- **RECORDS SUPPLIED**:
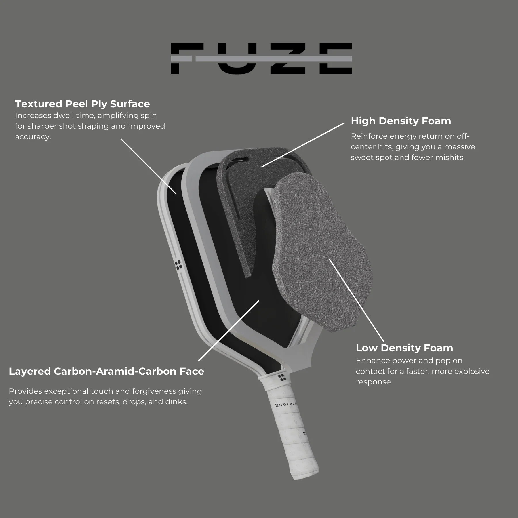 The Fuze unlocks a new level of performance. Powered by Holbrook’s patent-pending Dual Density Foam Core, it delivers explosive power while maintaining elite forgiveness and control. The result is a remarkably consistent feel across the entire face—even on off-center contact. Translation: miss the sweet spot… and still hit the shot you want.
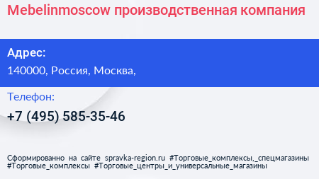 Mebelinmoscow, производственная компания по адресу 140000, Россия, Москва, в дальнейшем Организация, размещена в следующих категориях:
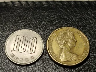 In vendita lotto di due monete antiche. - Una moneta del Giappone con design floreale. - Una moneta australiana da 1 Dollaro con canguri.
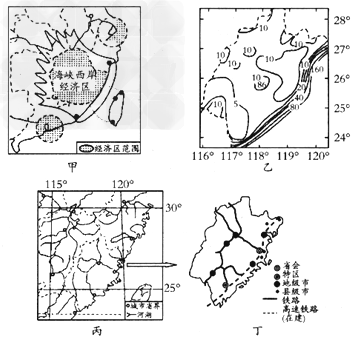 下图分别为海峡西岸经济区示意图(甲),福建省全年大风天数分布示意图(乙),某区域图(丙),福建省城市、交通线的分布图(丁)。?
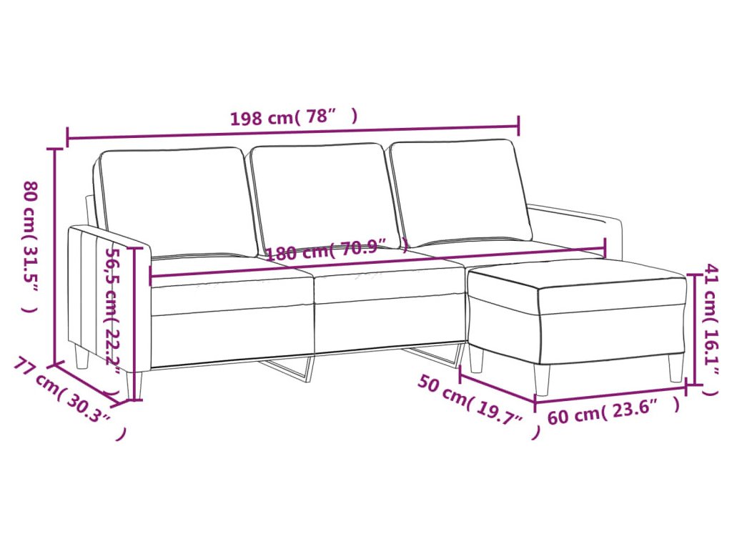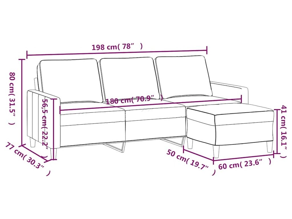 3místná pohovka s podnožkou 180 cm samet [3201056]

- **EXERCISE INSTRUCTIONS**:
Find the line containing "下图分别为海峡西岸经济区示意", then extract it and every line after it to the end of the data above, exactly and nothing else, without pictures.

- **RESULT OF THE TASK**:
 下图分别为海峡西岸经济区示意图(甲),福建省全年大风天数分布示意图(乙),某区域图(丙),福建省城市、交通线的分布图(丁)。?
 3místná pohovka s podnožkou 180 cm samet [3201056]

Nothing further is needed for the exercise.